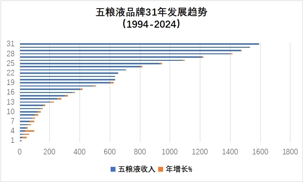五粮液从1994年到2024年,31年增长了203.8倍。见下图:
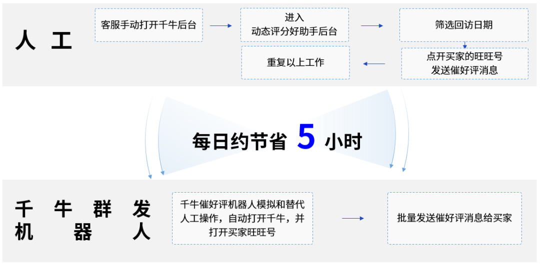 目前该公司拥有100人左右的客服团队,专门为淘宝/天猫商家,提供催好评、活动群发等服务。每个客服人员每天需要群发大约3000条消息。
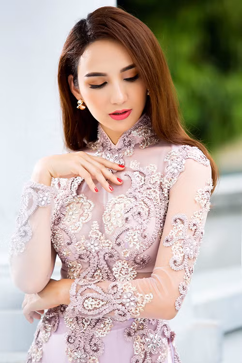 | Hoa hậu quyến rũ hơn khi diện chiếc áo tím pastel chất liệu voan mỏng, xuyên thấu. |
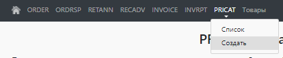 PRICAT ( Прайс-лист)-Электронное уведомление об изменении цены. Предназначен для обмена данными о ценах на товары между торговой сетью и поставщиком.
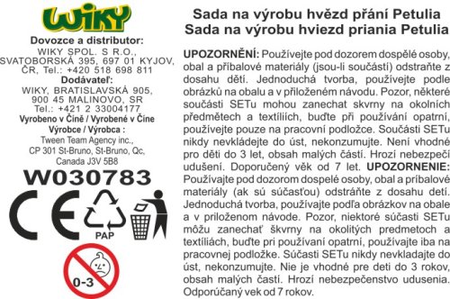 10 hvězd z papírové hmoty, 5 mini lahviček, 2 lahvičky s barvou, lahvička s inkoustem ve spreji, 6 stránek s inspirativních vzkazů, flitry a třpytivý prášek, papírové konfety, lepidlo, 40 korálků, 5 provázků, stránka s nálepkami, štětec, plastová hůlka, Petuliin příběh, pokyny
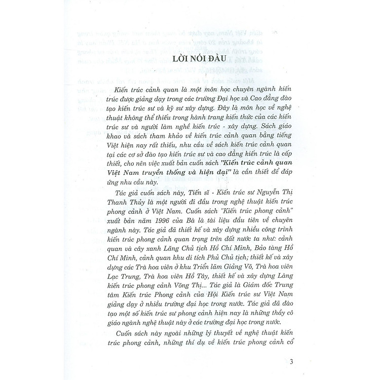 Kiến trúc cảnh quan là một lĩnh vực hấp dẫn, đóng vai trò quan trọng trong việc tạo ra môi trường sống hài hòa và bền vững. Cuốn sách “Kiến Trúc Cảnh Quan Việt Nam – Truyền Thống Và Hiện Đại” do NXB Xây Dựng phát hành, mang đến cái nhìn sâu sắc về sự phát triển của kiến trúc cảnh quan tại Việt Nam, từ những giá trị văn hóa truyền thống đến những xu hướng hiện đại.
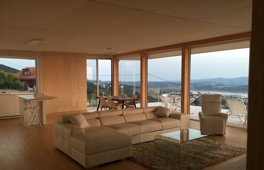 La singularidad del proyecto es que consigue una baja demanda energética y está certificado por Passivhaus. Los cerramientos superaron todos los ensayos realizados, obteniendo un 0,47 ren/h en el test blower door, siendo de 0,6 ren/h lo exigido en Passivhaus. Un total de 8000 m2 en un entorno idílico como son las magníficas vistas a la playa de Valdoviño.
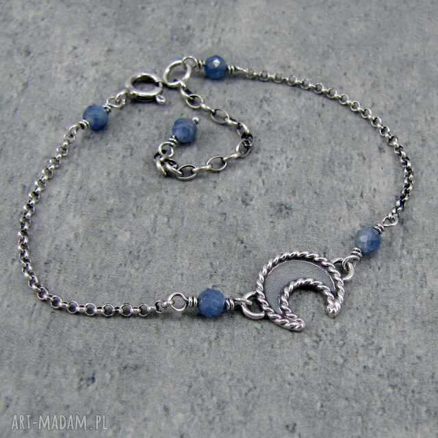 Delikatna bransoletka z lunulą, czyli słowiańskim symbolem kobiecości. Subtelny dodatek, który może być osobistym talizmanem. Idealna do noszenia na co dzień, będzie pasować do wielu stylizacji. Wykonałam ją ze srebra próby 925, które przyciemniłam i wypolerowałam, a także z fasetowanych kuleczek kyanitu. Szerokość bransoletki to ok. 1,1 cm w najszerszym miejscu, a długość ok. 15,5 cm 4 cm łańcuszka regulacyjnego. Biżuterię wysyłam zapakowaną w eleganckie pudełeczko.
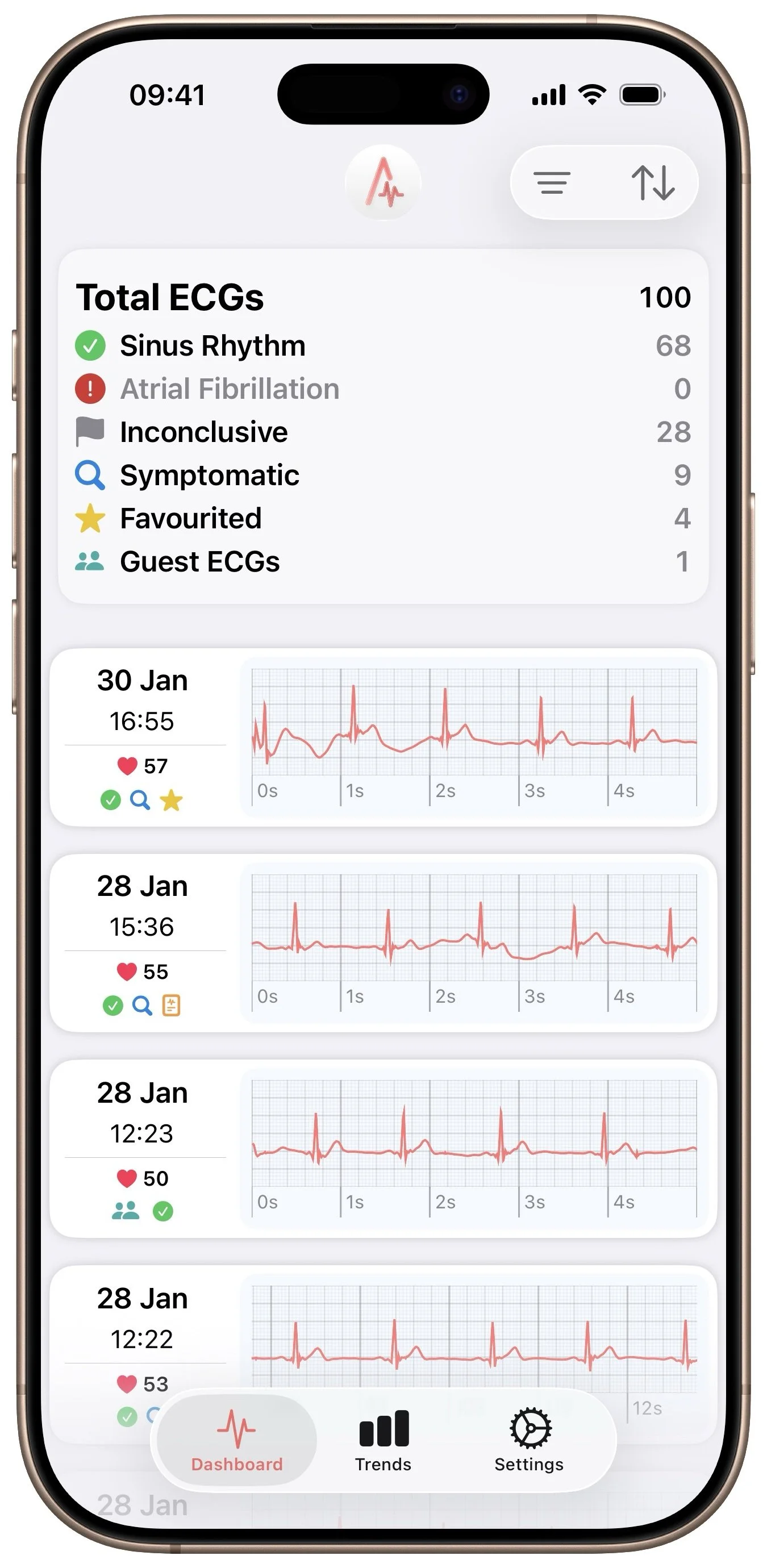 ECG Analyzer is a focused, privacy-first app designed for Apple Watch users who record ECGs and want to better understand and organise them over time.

■ TASK INSTRUCTIONS
Line for line, output the entries above from the line with "目前该公司拥有100人左右的" to the line with "La singularidad del", both included, and nothing more. Skip pictures.

■ RESPONSE AREA
 目前该公司拥有100人左右的客服团队,专门为淘宝/天猫商家,提供催好评、活动群发等服务。每个客服人员每天需要群发大约3000条消息。
 | Hoa hậu quyến rũ hơn khi diện chiếc áo tím pastel chất liệu voan mỏng, xuyên thấu. |
 PRICAT ( Прайс-лист)-Электронное уведомление об изменении цены. Предназначен для обмена данными о ценах на товары между торговой сетью и поставщиком.
 10 hvězd z papírové hmoty, 5 mini lahviček, 2 lahvičky s barvou, lahvička s inkoustem ve spreji, 6 stránek s inspirativních vzkazů, flitry a třpytivý prášek, papírové konfety, lepidlo, 40 korálků, 5 provázků, stránka s nálepkami, štětec, plastová hůlka, Petuliin příběh, pokyny
 Kiến trúc cảnh quan là một lĩnh vực hấp dẫn, đóng vai trò quan trọng trong việc tạo ra môi trường sống hài hòa và bền vững. Cuốn sách “Kiến Trúc Cảnh Quan Việt Nam – Truyền Thống Và Hiện Đại” do NXB Xây Dựng phát hành, mang đến cái nhìn sâu sắc về sự phát triển của kiến trúc cảnh quan tại Việt Nam, từ những giá trị văn hóa truyền thống đến những xu hướng hiện đại.
 La singularidad del proyecto es que consigue una baja demanda energética y está certificado por Passivhaus. Los cerramientos superaron todos los ensayos realizados, obteniendo un 0,47 ren/h en el test blower door, siendo de 0,6 ren/h lo exigido en Passivhaus. Un total de 8000 m2 en un entorno idílico como son las magníficas vistas a la playa de Valdoviño.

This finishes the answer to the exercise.